Protein expression in Escherichia coli is one of the most powerful techniques in life sciences. The expression of recombinant protein by using E. coli as a cell factory has been widely used for many applications, including medicine, biotechnology, protein biochemistry and molecular biology research. Although the whole process seems easy in theory, each of the steps can be challenging to perform. In this article, we provide information about protein expression, common expression systems, and some strategies to optimize it in E. coli.
In this article
What is protein expression?
Protein expression is the process of synthesizing an unnaturally occurring protein (heterologous protein) by introducing a recombinant DNA plasmid into the host E. coli cell. The recombinant DNA plasmid contains a DNA fragment encoding the target protein you’re trying to produce. In this process, the main components are a vector (or a plasmid) containing the foreign gene and the host cell.
However, the protein production process can also be hard due to cloning problems, inefficient transformation, poor growth of the host, inactive protein due to improper folding, insoluble protein, and inefficient protein purification.

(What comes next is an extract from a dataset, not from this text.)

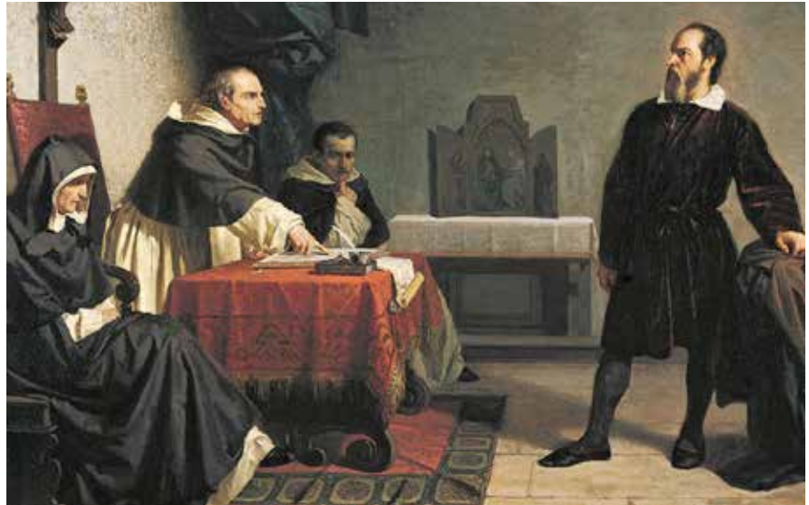
Galileo Facing the Roman Inquisition, Cristiano Banti, 1857.

Wisdom and knowledge are not the same thing. Vanity and pride have a way of subtly infecting our reasoning. Pure intentions can quickly become vested interests. Galileo's theory that the earth revolved around the sun was deemed heresy by the Catholic Church and he was forced to recant. But why? Does a heliocentric solar system really contradict the truth of God or just the dogma of that time? Rather than display any of the humility or meekness taught by our Lord Jesus Christ, who they claimed to worship, they clung haughtily to their

Therefore, the first important step when it comes to protein expression is to choose the right expression system, for example the E. coli expression system. This expression system allows rapid and inexpensive expression of the recombinant protein in a large scale.
What is a protein expression system?In short, a protein expression system is a system, or ‘a factory’, you use to express your target protein. For example, if you use a bacterial expression system, such as E. coli, it usually consists of an expression vector, the gene of interest, and E. coli cells. In addition to bacterial expression system, there are other examples of protein expression systems: yeast expression system, insect expression system, cell-free expression system, and mammalian expression systems.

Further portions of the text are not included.